Most enterprise organizations are not single-cloud. They may have landed on AWS as their primary platform but use Azure for Microsoft 365 integration and GCP for Google Workspace analytics. Or they may have inherited a multi-cloud footprint through acquisitions. Whatever the cause, data that is fragmented across cloud providers creates analytical blind spots. An AI agent querying only the AWS data cannot see the Azure operational data needed for a complete picture. The Multi-Cloud Lakehouse is the architectural pattern that resolves this fragmentation.

The Federated Query Approach

The most practical implementation of a Multi-Cloud Lakehouse does not require moving data between clouds. Instead, a federated query engine connects to Iceberg catalogs in each cloud simultaneously. When an AI agent submits a SQL query that requires data from both an S3-hosted Iceberg table (AWS) and an ADLS-hosted Iceberg table (Azure), the engine decomposes the query, routes each sub-query to the appropriate cloud storage endpoint, collects the partial results, and merges them into a single result set that the agent receives as if all the data came from one place.

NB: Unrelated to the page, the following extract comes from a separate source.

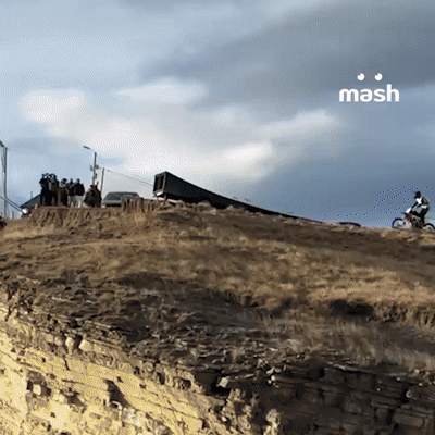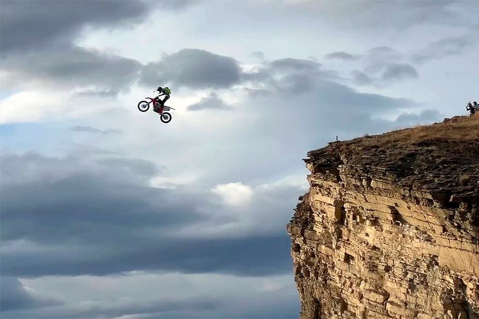Экстремал-мотоциклист Николай Цибулько 23 октября совершил рискованный прыжок на мотоцикле в пропасть в дагестанском селе Кули Кулинского района. Он разогнался на трапе, специально установленном на горе, и прыгнул вниз, используя парашюты для подстраховки.

Dremio is particularly well suited to this pattern. Its source connector architecture treats each cloud storage location as a distinct source, and its distributed query planning layer handles the cross-cloud join logic transparently.

The Cross-Cloud Catalog Challenge

Federated querying handles the data retrieval problem. Catalog federation handles the discovery problem. For an AI agent to know that an Iceberg table exists in Azure ADLS, there must be a catalog entry for it. Apache Polaris supports multi-location catalog configurations, allowing tables hosted in different cloud storage locations to be registered in a single catalog namespace. An AI agent querying the Polaris catalog sees a unified table hierarchy regardless of which cloud provider hosts the underlying files.

Egress Cost Management

Multi-cloud data access carries a significant operational cost risk: cloud egress fees. When the query engine moves data between cloud providers to perform a JOIN, each gigabyte transferred incurs fees from the source cloud provider. Effective Multi-Cloud Lakehouse architecture minimizes cross-cloud data movement by keeping JOIN operations co-located with the larger table. If a small reference table lives in Azure and a 10 TB fact table lives in AWS, the engine should broadcast the reference table to the AWS compute cluster rather than streaming 10 TB of fact data to Azure. Query planners in engines like Dremio implement cost-based optimizer rules specifically for this cross-cloud join ordering problem.